2
votes

I am setting up client authentication on my API management component. I want clients to authenticate to my API management before they can access any APIs (so API management is server and API users are clients, NOT client authentication for backend services)

According to Microsoft, I can do this (https://docs.microsoft.com/en-us/azure/api-management/api-management-howto-mutual-certificates-for-clients). However, when I try to verify the thumbprint of my certificate against all trusted certificates I uploaded, it fails because of an invalid client certificate. I used the same policy code as Microsoft provides:

<choose>
    <when condition="@(context.Request.Certificate == null || !context.Deployment.Certificates.Any(c => c.Value.Thumbprint == context.Request.Certificate.Thumbprint))" >
        <return-response>
            <set-status code="403" reason="Invalid client certificate" />
        </return-response>
    </when>
</choose>

Now when I use a hard coded thumbprint to check, it succeeds:

<choose>
    <when condition="@(context.Request.Certificate == null || context.Request.Certificate.Thumbprint != "desired-thumbprint")" >
        <return-response>
            <set-status code="403" reason="Invalid client certificate" />
        </return-response>
    </when>
</choose>

I upload my client certificate to CA certificates. I cannot upload it in client certificates on API management because I do not have the private key. Only clients will have them and they will only send their public certificate so I can upload it into my API management instance when I trust them.

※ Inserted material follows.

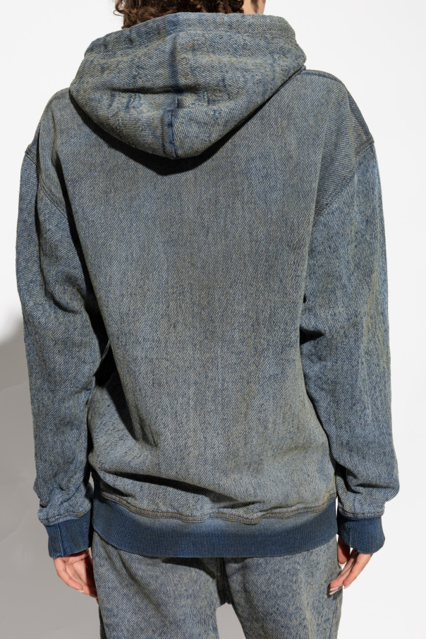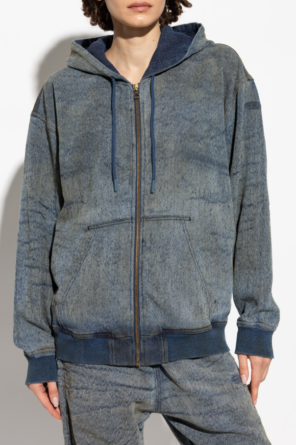 Introducing the Hoodie D-HARI-FSF from Diesel's exclusive collection, an epitome of casual elegance and comfort. Crafted with a classic, straightforward design, this hoodie features long sleeves and a full-length zipper at the front, making it a versatile addition to any wardrobe. The material boasts a denim-like texture, offering the aesthetic of jeans with the softness and comfort of a hoodie. This unisex garment is predominantly blue, showcasing various shades to create a distinctive denim effect, ideal for daily wear and casual ensembles. Notable for its attention to detail, the hoodie includes adjustable drawstrings on the hood and two kangaroo pockets at the front. The cuffs and hem are finished with ribbed trims in a darker, contrasting hue, adding a touch of sophistication. The subtle, embossed designer logo on the left sleeve completes the look, blending seamlessly with the garment's color scheme. Why Buy This Product? Exclusive design from the renowned brand, Diesel Denim-like appearance with the comfort of a hoodie Versatile and unisex, suitable for all genders High-quality material composition: 85% Cotton, 12% Polyester, 3% Elastane Unique and subtle designer logo detail

I think the policy to check all certificates might be wrong and it might be checking only the certificates from my client certificates. Is this correct? And if so, is it possible to check against all ca certificates I uploaded to API management?

1
Did you find the answer? I am doing same thing. But context.Request.Certificate is always null for me. I am using self signed certificate, I have uploaded to CA and Client Certificates.Sappidireddy
@Sappidireddy I had to manually check on thumbprint and issuer in APIM policies. I could not successfully use Microsofts built-in client certificates because you need the private key that you do not have. Context.Request.Certificate is the certificate that is sent in the request from the client's side. If that is null, I presume something is wrong with the request and the certificate is not sent along with the request.Lennart
Thank you!, I have posted my question in another thread. I am not getting any certificate in the request at all. I am not sure what I am doing wrong here stackoverflow.com/questions/57498215/…Sappidireddy

1 Answers

2
votes

This only works if you upload it to client certificates. context.Deployment.Certificates is client certificates collection. I know that may seem counter-intuitive, and it is because context.Deployment.Certificates was not meant to be used exactly like that. It holds certificates APIM uses to authenticate itself to backend, thus need to provide private key.

If you do not have access to private keys of your client certificates and all of them are issued by a few CA/Root certificates, consider uploading CA/root certificates and use context.Request.Certificate.Verify to validate the chain.